Rico Gürtler und Natascha Junker haben sich in Brandenburg, einige Kilometer außerhalb von Berlin, einen Lebenstraum erfüllt – der ganz schön viel Arbeit macht. Sie haben Burg Nagezahn erschaffen, einen Lebenshof für Kaninchen und Nagetiere. Denn, so erfährt man hier schnell, Kaninchen sind keine Nagetiere, das sei einer von vielen weit verbreiteten Irrtümern über die kleinen Heimtiere. „Kaninchen sollten auch keine Karotten bekommen, auch wenn das in der Werbung häufig so abgebildet wird“, sagt Natascha Junker. „Karotten sind zu hart, sie verursachen Verletzungen der Zahnwurzeln und machen den Kaninchen Probleme im Verdauungstrakt. Kaninchen zermahlen ihre Nahrung, sie kauen nicht.“
ARTGERECHTE ERNÄHRUNG UND VIEL PLATZ
Im Sommer gehen die beiden an sieben Tagen die Woche los und sammeln draußen frische Wiesenkräuter und Gräser für ihre über 70 Tiere. Zwei oder drei große Tragetaschen eines bekannten Möbelherstellers voll Grün bringen sie nach Hause. Im Winter geht es zum Einkaufen in die Gemüseabteilung der Supermärkte. Frischfutter in Form von Gemüse, (Bitter-) Salaten, Kohlsorten, Wildkräutern und Gräsern seien die artgerechteste und gesündeste Ernährung für Kaninchen und Meerschweinchen, sagen die Tierschützer. „Es ist ein Mythos, dass zum Beispiel Heu für Kaninchen das Grundnahrungsmittel ist“, erklärt Gürtler. „Heu sollte immer zur Verfügung stehen und begleitend zum Frischfutter gefüttert werden, es dient aber vor allem der Beschäftigung und als zusätzliche Nahrung.“ Zum Knabbern bekommen die Kaninchen auf Burg Nagezahn außerdem frische Obstzweige oder auch Haselnussgehölz. „Wenn man sein Kaninchen gesund ernähren möchte, kostet es im Winter mindestens 50 Euro pro Pärchen in der Woche“, sagt Junker. „Ich glaube, vielen ist gar nicht bewusst, wie teuer gesunde Ernährung auch für kleine Heimtiere ist. Auch darüber sollte man sich vor der Anschaffung unbedingt Gedanken machen.“
Neben falscher Ernährung ist es der ungeeignete Lebensraum und mangelnde Platz, den viele Kaninchen und Nagetiere zur Verfügung haben - darüber klärt das engagierte Paar seit Jahren vor allem über die sozialen Medien auf. „Die Käfige, die es im Zoohandel zu kaufen gibt, egal ob für Kaninchen oder Mäuse oder Meerschweinchen, sind einfach viel, viel zu klein. Es sind Gefängnisse, die nicht den Bedürfnissen der Tiere entsprechen und sie in eine enge Gefangenschaft setzen“, sagt Rico Gürtler. Auf Burg Nagezahn leben alle Tiere ohne Käfig in großen abgeteilten Bereichen, in eigenen Zimmern oder auch draußen im 450 Quadratmeter großen Kaninchen-Garten, der ausbruchssicher eingezäunt ist.

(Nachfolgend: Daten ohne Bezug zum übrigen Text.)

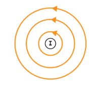 Câu 5. Một dây dẫn điện thẳng được đặt vuông góc với mặt phẳng như hình vẽ. Đường sức từ quay ngược chiều kim đồng hồ. Chiều của dòng điện là

„Kaninchen brauchen Platz zum laufen, sie springen gerne vor Lebensfreude. Sechs Quadratmeter für zwei Kaninchen sind die Mindestvorgabe“, erklärt Gürtler. „Dazu benötigen sie einen rutschfesten Untergrund, da glatte oder rutschige Böden ihnen Angst machen. Und ausreichend Artgenossen.“
KLEINTIERE ALS KOMPROMISS FÜR KINDER
„Hamster sind die einzigen Kleintiere, die wirklich allein gehalten werden sollten“, sagt Natascha Junker. „Alle anderen – Kaninchen, Ratten, Mäuse, Meerschweinchen, Degus, Chinchillas – alle brauchen Gesellschaft, und zwar innerhalb der eigenen Art.“ Immer wieder hören sie die Geschichten von Tieren, die ein Leben lang allein gehalten wurden. Oft erzählen ihnen Erwachsene davon, wie sie in ihrer Kindheit ein Kleintier allein und in einem beengten Käfig gehalten haben. Viele schämten sich heute dafür. „Kleintiere sind leider klassische Einstiegstiere“, sagt Natascha Junker. „Wenn Kinder quengeln, dass sie eine Katze oder einen Hund haben wollen, dann einigen sich die Eltern häufig auf einen Kompromiss: ein Kaninchen, einen Hamster oder Mäuse.“ Den Kindern, auch dem eigenen früheren Ich, dürfe man dafür keine Vorwürfe machen, findet die Tierschützerin. Denn die Verantwortung für ein Tier in der Familie trügen nun mal immer die Eltern. „Eltern sollten wissen: Das Interesse am Tier lässt bei Kindern immer früher oder später nach. Das ist normal. Aber schon vorher ist es die Pflicht der Eltern, dafür zu sorgen, dass es den Kleintieren gutgeht.“ Viel Wissen über diese Tierarten wurde erst in den letzten 15-20 Jahren erforscht und es sei zwingend notwendig, sich ausführlich über deren Bedürfnisse zu informieren.